▼▼▼

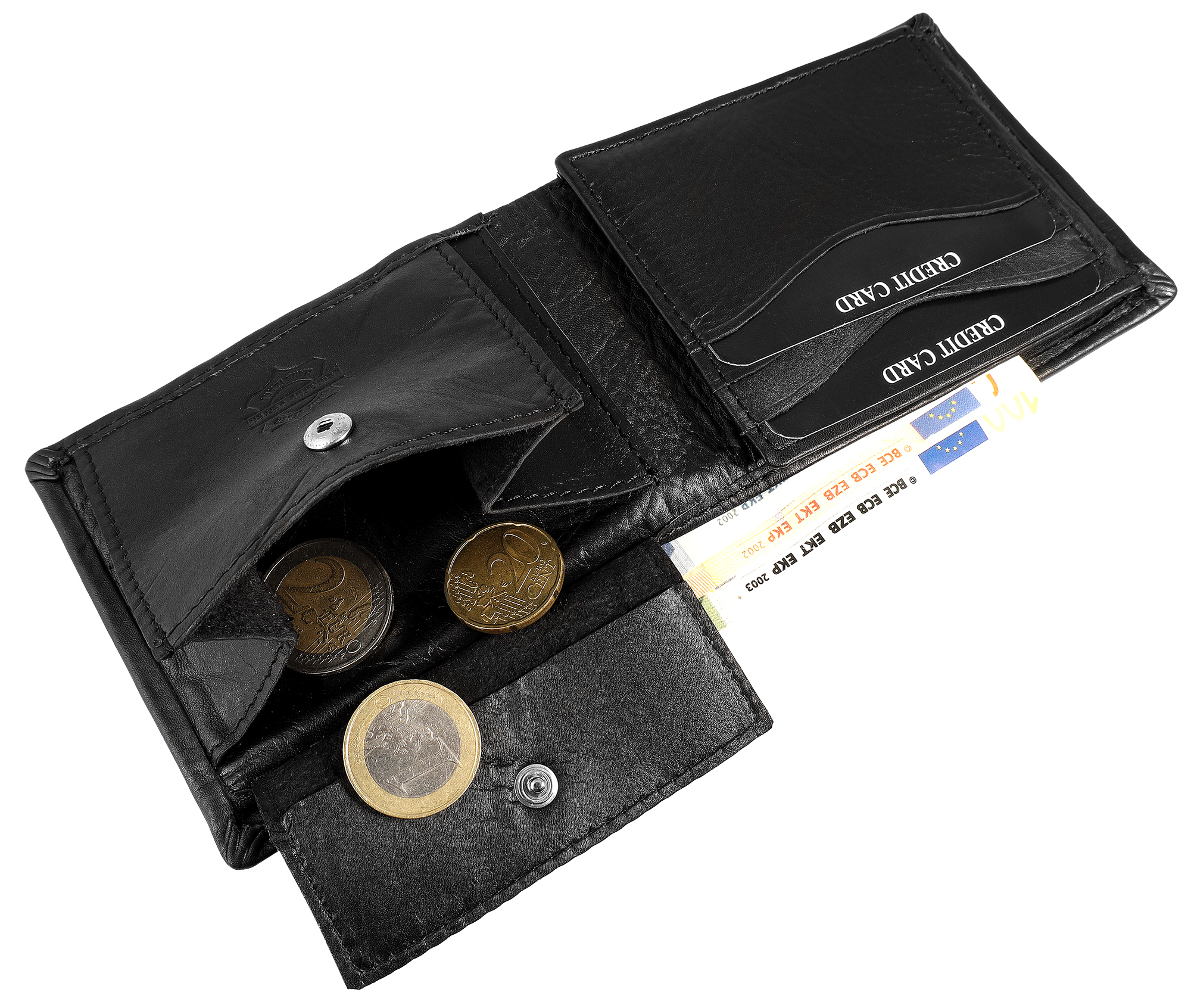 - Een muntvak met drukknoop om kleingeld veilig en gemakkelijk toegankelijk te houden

▲▲▲
▼▼▼

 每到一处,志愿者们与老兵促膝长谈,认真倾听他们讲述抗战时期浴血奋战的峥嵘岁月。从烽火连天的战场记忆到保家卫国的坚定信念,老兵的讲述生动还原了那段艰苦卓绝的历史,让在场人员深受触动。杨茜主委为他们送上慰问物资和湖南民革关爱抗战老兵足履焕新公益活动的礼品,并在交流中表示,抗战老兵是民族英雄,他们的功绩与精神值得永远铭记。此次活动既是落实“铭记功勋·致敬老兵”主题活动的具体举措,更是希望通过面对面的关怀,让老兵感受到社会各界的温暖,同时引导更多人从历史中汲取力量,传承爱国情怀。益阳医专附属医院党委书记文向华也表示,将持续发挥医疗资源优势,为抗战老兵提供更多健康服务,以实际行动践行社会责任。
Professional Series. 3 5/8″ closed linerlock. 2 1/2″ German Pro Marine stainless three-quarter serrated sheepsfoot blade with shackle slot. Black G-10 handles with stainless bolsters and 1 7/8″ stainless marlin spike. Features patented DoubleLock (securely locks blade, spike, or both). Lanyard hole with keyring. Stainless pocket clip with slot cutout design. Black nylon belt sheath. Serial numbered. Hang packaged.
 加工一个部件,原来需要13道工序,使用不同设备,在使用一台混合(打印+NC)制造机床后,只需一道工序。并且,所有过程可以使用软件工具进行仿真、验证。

▲▲▲

• **WHAT THE TASK ASKS**: Would you print, exactly as written, every line above from the one holding "Professional Series. 3" through the one holding "加工一个部件,原来需要13道", with both included and no other lines?

• **RESULT FOR THIS EXERCISE**:
Professional Series. 3 5/8″ closed linerlock. 2 1/2″ German Pro Marine stainless three-quarter serrated sheepsfoot blade with shackle slot. Black G-10 handles with stainless bolsters and 1 7/8″ stainless marlin spike. Features patented DoubleLock (securely locks blade, spike, or both). Lanyard hole with keyring. Stainless pocket clip with slot cutout design. Black nylon belt sheath. Serial numbered. Hang packaged.
 加工一个部件,原来需要13道工序,使用不同设备,在使用一台混合(打印+NC)制造机床后,只需一道工序。并且,所有过程可以使用软件工具进行仿真、验证。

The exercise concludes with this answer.